**What the exercise asks**: Pictures in the records below must be left out. Return exactly the lines from the line with "Alibaba Group June Quarter 2024 Results" to the line with "After the attempt", both included.

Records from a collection
********
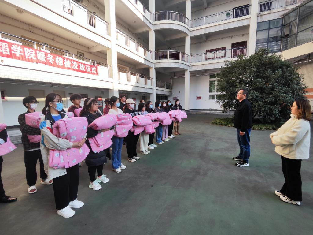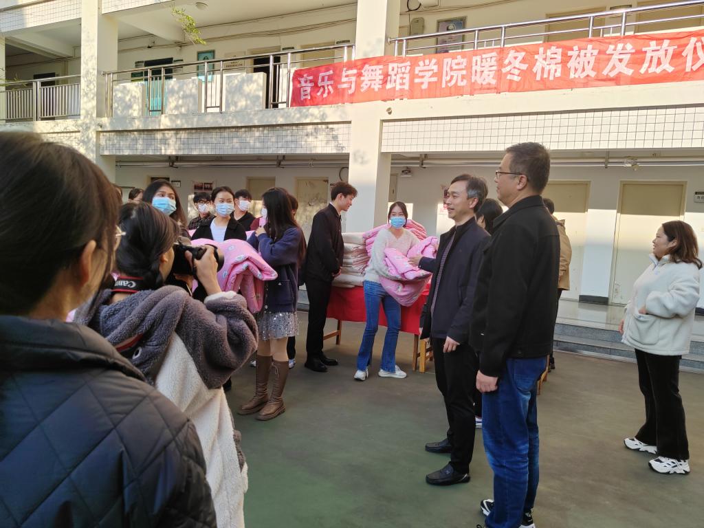 爱心棉被御寒冬,资助育人暖人心。11月25日,英国365集团在艺术楼举行冬日送温暖爱心棉被发放仪式,党委书记周文勇、经理陈新宇、副经理任远、副书记雷玲、公司辅导员、班主任为同学们发放爱心棉被。
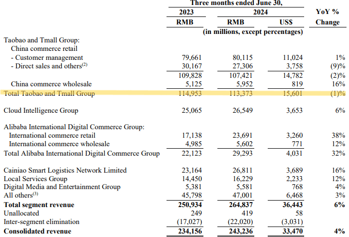 Alibaba Group June Quarter 2024 Results
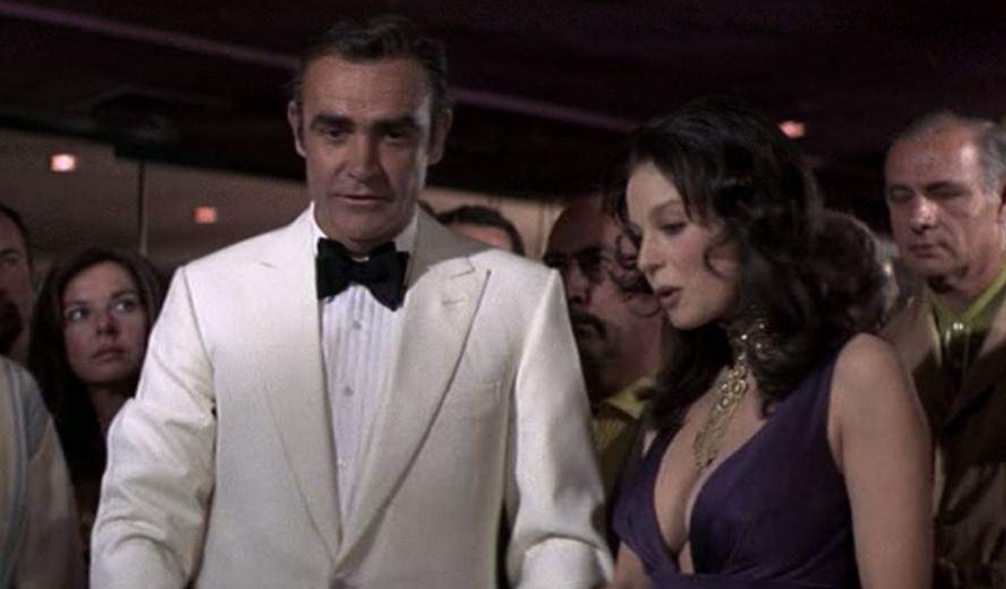 After the attempt to introduce a new actor, tone and style into the franchise with On Her Majesty’s Secret Service was unfairly regarded as a misfire, the producers scrambled to make sure the next installment was back to being a far more familiar Bond adventure. “Current” Bond actor George Lazenby (under advice from his agent) made part of their job easier by declining to return and Connery was ensnared back into the fold by a (then) jaw dropping payday of over a million dollars. Also back was Goldfinger director Guy Hamilton and Shirley Bassey was recruited to utilize her iron vocal chords to perform her second Bond theme.
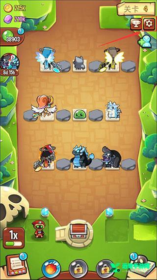 1、首先我们可以看到,游戏中的9个格子都占满了怪物,这个时候我们如果要给怪物换位置,就先点击右上角的齿轮图标。
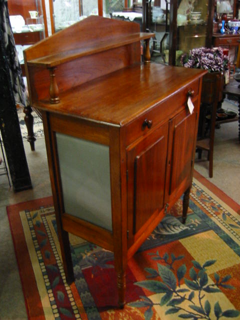 This full cedar meat safe dates from around 1850 has been fully restored and repolished. There is a lovely back story to this piece. An Italian migrant family came to Australia after the Second World War and settled in Footscray, a suburb of Melbourne. Having very little, they puchased secondhand furniture and this Australian cedar meat safe served them well, up until around the turn of the 21st century. The meat safe had been painted a few times, in situ, so much so that when it was picked up, the lino came up with it. The story goes to show that good quality antique furniture can be useful, good for the environment and good to look at. This piece features a shelf to the palladian back carried on turned supports. There is a full width drawer above two doors and it stands on turned legs. The height is 1360mm, width 915mm and the depth is 445mm.
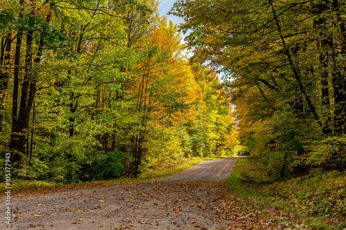 Obraz premium A roadway surrounded by colorful aspen and maple trees in northern Wisconsin...
********
**Response below**:
 Alibaba Group June Quarter 2024 Results
 After the attempt to introduce a new actor, tone and style into the franchise with On Her Majesty’s Secret Service was unfairly regarded as a misfire, the producers scrambled to make sure the next installment was back to being a far more familiar Bond adventure. “Current” Bond actor George Lazenby (under advice from his agent) made part of their job easier by declining to return and Connery was ensnared back into the fold by a (then) jaw dropping payday of over a million dollars. Also back was Goldfinger director Guy Hamilton and Shirley Bassey was recruited to utilize her iron vocal chords to perform her second Bond theme.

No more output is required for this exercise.